Split-Half & Internal Consistency
The split-half method as an improvement method is used when it may not be possible to use the same test twice and to get an equivalent form of test especially among older adults (29). The items of a test were divided into two matched halves and, then, the score of the first half questions and that of the second half are calculated (30). The split-half method cannot be applied with heterogeneous questionnaires, as the division of the questionnaire will not yield equivalent forms. In this situation (heterogeneous questionnaires), one may repeat questions throughout the questionnaire, while only the original question is kept in the final form (30).
In this study to divide the measuring instrument into two halves, the correlation coefficient was calculated between scores of odd numbered and even numbered items based on Equation 2. Coefficient α represents the average of all possible split-half estimates.
Equation 2: Reliability coefficient = (Correlation Coefficient * 2) ⁄ (Correlation Coefficient + 1)

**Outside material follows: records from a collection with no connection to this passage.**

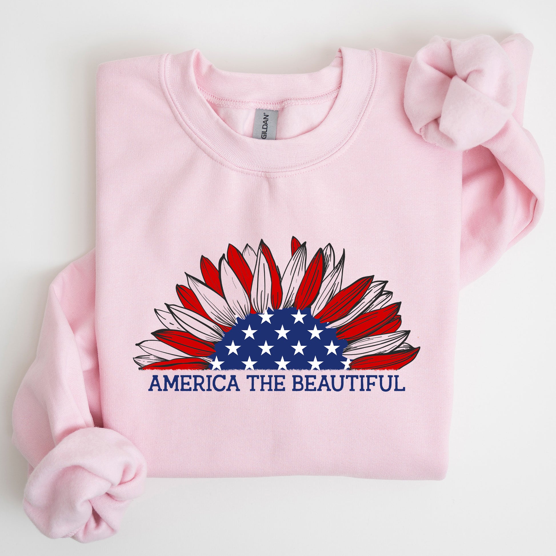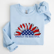 Experience the essence of patriotism with our America The Beautiful, Sunflower, Red White Blue Sweatshirt. This stylish and cozy sweatshirt is designed for those who appreciate comfort without compromising on style. Perfect for any occasion, it features a stunning sunflower graphic that embodies the spirit of America in vibrant red, white, and blue hues.
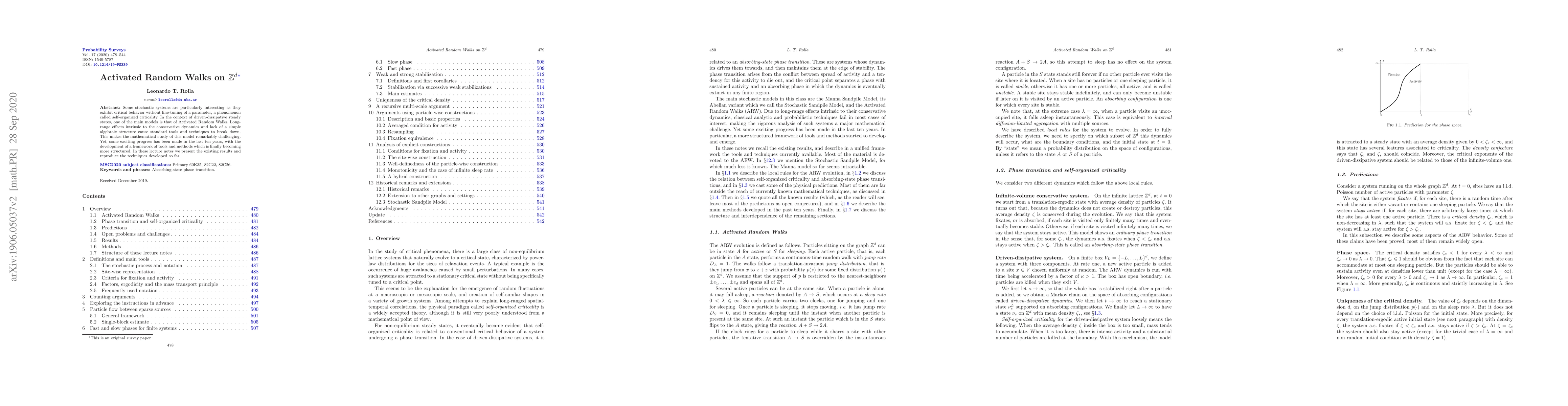 The paper presents a mathematical study of Activated Random Walks (ARW) on $\mathbb{Z}^d$, utilizing a framework of tools and methods developed over the last decade to tackle the challenges posed by long-range effects and the lack of a simple algebraic structure.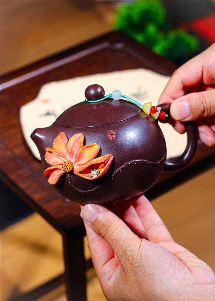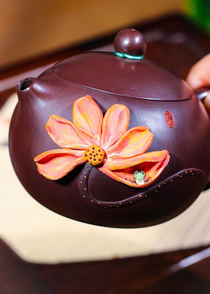 350cc原礦老紫泥蛙趣荷花西施茶壺POT8608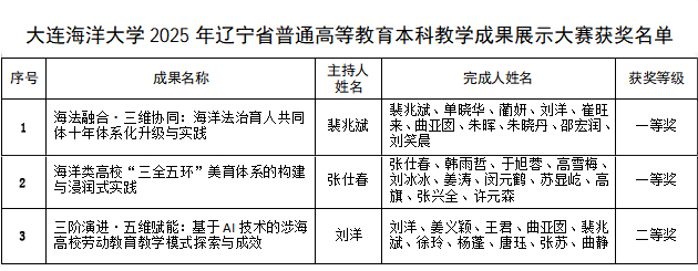 近日,辽宁省教育厅公布了2025年辽宁省普通高等教育本科教学成果展示大赛获奖成果名单,六色网 获一等奖2项,二等奖1项。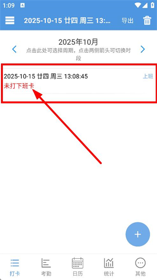 4、最后我們打卡完成后,頁面會顯示打卡記錄,未打下班卡。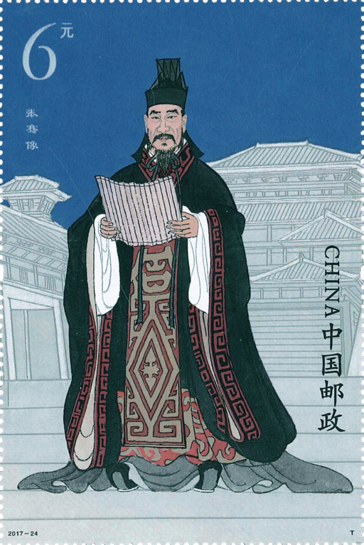 张骞(前164-前114),字子文,汉中城固(今陕西城固县)人,中国古代杰出的外交家、探险家、旅行家。张骞一生曾两次出使西域,行经大宛、康居、大月氏、大夏等地,足迹遍及中亚、西亚各地,开辟了中国与西域诸国的沟通往来之路,被视为开拓丝绸之路的第一人。他将中原文明传播至西域,又从西域诸国引进了汗血马、葡萄、苜蓿、石榴、胡麻等物种到中原,促进了东西方文明的交流。自张骞以后,中原与西域关系密切、往来不断,政治、经济、文化交流频繁。张骞对开辟从中国通往西域的丝绸之路所作的卓越贡献,至今为世人称道。2014年,张骞墓作为“丝绸之路”遗产点之一,入选世界文化遗产名录。小型张为张骞像,以汉代宫廷建筑环境为背景,展现了晚年张骞的英姿。

Composite Reliability (CR)
A more up-to-date PLS criterion named “composite reliability” is applied in relation to coefficient α, as this criterion is introduced in1974 (31). Here, the validity is measured in accordance with the correlations within, not in an absolute sense. Accordingly, both of these criteria are applied to measure validity in PLS more accurately. In case the CR volume for each structure is higher than 0.7, appropriate internal stability is assured for the measuring methods (32).
Item Reliability (Factor Loading)
Factor loading is calculated through analyzing the correlation values of a structures' indices in PLS. The obtained volume ≥0.5 indicates that the variance between the structure and its indices are greater than its measuring error variance and that the validity of the measuring model is acceptable (33).